Las experiencias repetidas de contacto con su propia psique a un nivel de lo imaginario preverbal propiciado por los ED, y posteriores asociaciones de referentes plenamente simbólicos (palabras y emociones conscientes), así como su integración en la red de vivencias ("lo que le había pasado y lo que le estaba pasando en la vida real externa") contribuyeron a consolidar autocontrol de lo que provenía de sí mismo, de sus propias emociones y fantasías, alejando la convicción de ser su propio enemigo a quien es necesario vigilar porque se puede desbordar inopinadamente. Los ataques de pánico disminuyeron de intensidad hasta dejar de necesitar medicación específica. Se detectó en el décimo ED el surgimiento del placer por el fantaseo espontáneo con abandono confiado al mismo y sin necesidad de reaseguramiento externo del contacto con la realidad externa vigil (un rol que cumplía el terapeuta en los ED hasta ese momento). Se consideró como un buen indicio de estabilización interna (disminución de la persecución y aumento de la integración). Finalmente en las últimas sesiones se trabajaron las ganancias secundarias que le reportaba el hecho llevar una vida adolescente, evitando encarar las responsabilidades adultas (trabajo independiente, matrimonio, inseguridad financiera y competición laboral) eludiendo el riesgo consiguiente de "equivocarse en soledad sin colchón materno de seguridad".
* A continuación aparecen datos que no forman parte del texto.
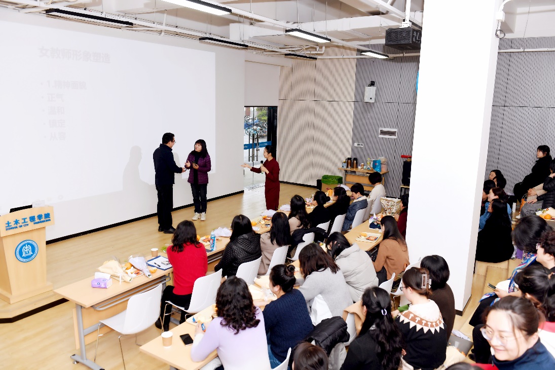 最后,唐老师以清代诗人袁枚的《苔》寄语女教职工:“白日不到处,青春恰自来。苔花如米小,也学牡丹开。”她鼓励大家以乐观坚韧的姿态面对挑战,在职业与生活中绽放独特光彩。活动现场气氛活跃,大家纷纷表示受益匪浅。

En las Navidades del último año de terapia empezó a salir con una mujer de 25 años, formalizando relaciones de noviazgo estándar unos meses después. En esa misma primavera se planteó el finalizar la cura con el siguiente balance sintomático:
1- Crisis de angustia o ataques de pánico: ausentes.
2- Fondo ansioso, casi "caracterial": presente.
3- Depresión: ausente.
4- Hipocondria: ausente.
5- Agorofobia: ausente.
6- Fármacos: no toma aunque persiste una sobrevaloración de los productos naturistas y cuidado de la alimentación aparentemente justificada por su sobrepeso.
7- Relación con la madre: distante pero sin agresividad ni peleas. La tiende a ver con lástima y como una pobre beatona.
8- Laboral: pasó a llevar una franquicia aún relacionada con el negocio familiar pero directamente gestionada por él.
9- Vínculo afectivo: comienzo de noviazgo estable.
10- Sexualidad: disminución de obsesiones sexuales y ausencia de dudas homosexuales. Con relaciones sexuales parciales con su novia.